Volcanic Rafts Played Key Role In Origins Of Life
September 2, 2011

Volcanic Rafts Played Key Role In Origins Of Life


Scientists believe that volcanic rafts could have played a key role in the origins of life on Earth, reports BBC News.

Researchers say the rock pumice has the right properties to have prodded the conditions for early life to emerge over 3.5 billion years ago.

The "rafts" are found today on shores of islands like the volcanic Greek island of Santorini (Thera).

The Oxford University and University of Western Australia scientists said they still need more research to help give weight to the theory.

"During its life cycle, pumice is potentially exposed to - among other things - lightning associated with volcanic eruptions, oily hydrocarbons and metals produced by hydrothermal vents, and ultraviolet light from the Sun as it floats on water," co-author Professor Martin Brasier from the University of Oxford said in a statement.

"All these conditions have the potential to host, or even generate, the kind of chemical processes that we think created the first living cells."

The volcanic rock floats on water because it has the largest surface-area-to-volume ratio of any type of rock.

Dr David Wacey from the University of Western Australia said it was known that life was "thriving" among beach sand grains about 3.4 billion years ago.

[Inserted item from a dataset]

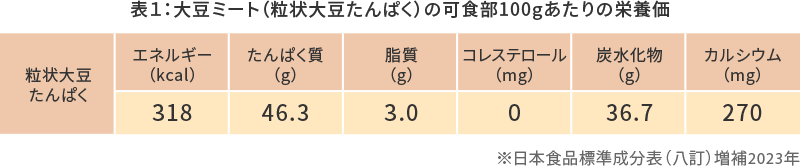 大豆ミートは「畑の肉」とも呼ばれる大豆を原料としています。大豆は高たんぱくであるほか、コレステロールは含まず、不足しがちなカルシウムを含んでいます(表1)。

"What we are saying here is that certain kinds of beach might have provided a cradle for life," he said.

The two researchers were part of an international team that suggested that microscopic fossils unearthed in Western Australia provided "good, solid evidence" for cells and bacteria living in oxygen-free world over 3.4 billion years ago.

The newest research shows how rafts of pumice could have played a significant role in the emergence of some of the earliest organisms on Earth.

The team published their findings in the journal Astrobiology.